All of the lines below need to be copied exactly, apart from the pictures.

---------- Excerpted records ----------

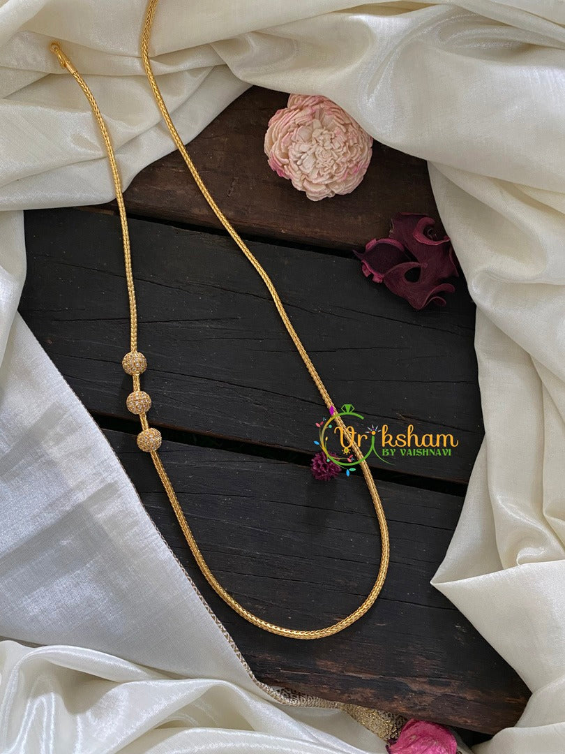 Traditional AD Stone White Ball Mugappu Chain 2– stone studded round 3 ball mugappu chain.
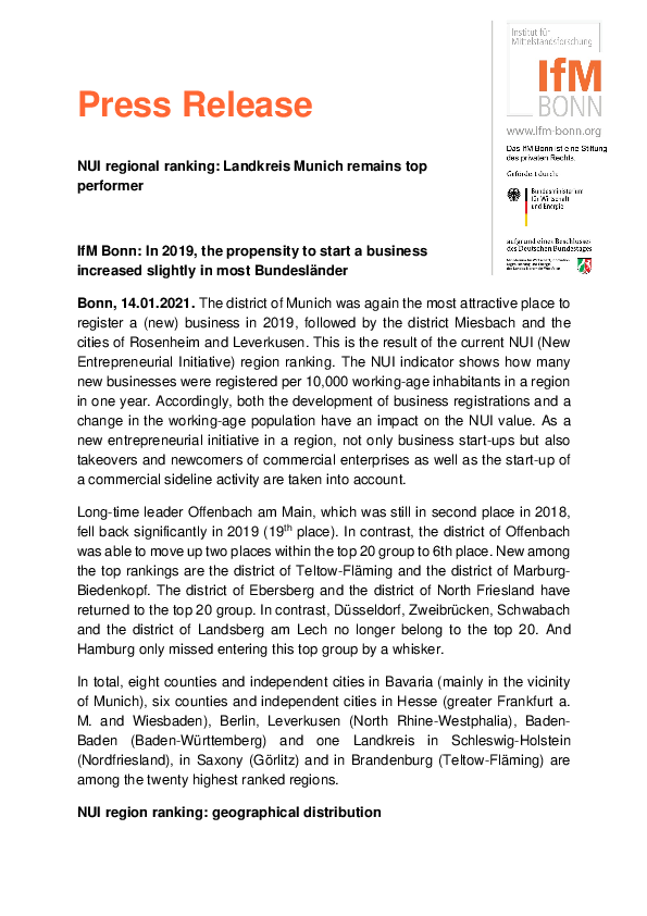 Policy Brief "Entrepreneurship in Focus" | 2021 The (underestimated) potential of craft roll data for start-up and SME research
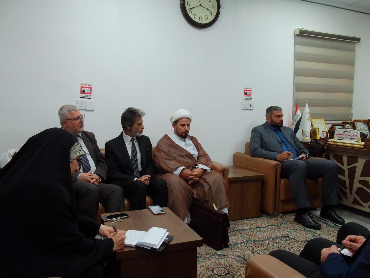 As part of the ongoing collaboration between the College of Islamic Sciences and the Central Library of the Holy Shrine of Imam Hussain (peace be upon him), the College Library, under the patronage of the Honorable Dean, hosted the second meeting between the participating parties to discuss mechanisms for implementing the terms of cooperation between the College and the Central Library of the Holy Shrine.
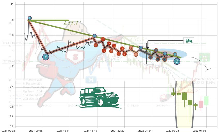 ➢ 🕰 价格走势在2022-02-21至2022-03-21期间形成高档五阴线,残存影响值:-3.60
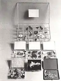 A number of versions of the Flux Timekit, 1967, by Robert Watts, collecting together objects that exist in different time scales.

----------

Written solution:
 Traditional AD Stone White Ball Mugappu Chain 2– stone studded round 3 ball mugappu chain.
 Policy Brief "Entrepreneurship in Focus" | 2021 The (underestimated) potential of craft roll data for start-up and SME research
 As part of the ongoing collaboration between the College of Islamic Sciences and the Central Library of the Holy Shrine of Imam Hussain (peace be upon him), the College Library, under the patronage of the Honorable Dean, hosted the second meeting between the participating parties to discuss mechanisms for implementing the terms of cooperation between the College and the Central Library of the Holy Shrine.
 ➢ 🕰 价格走势在2022-02-21至2022-03-21期间形成高档五阴线,残存影响值:-3.60
 A number of versions of the Flux Timekit, 1967, by Robert Watts, collecting together objects that exist in different time scales.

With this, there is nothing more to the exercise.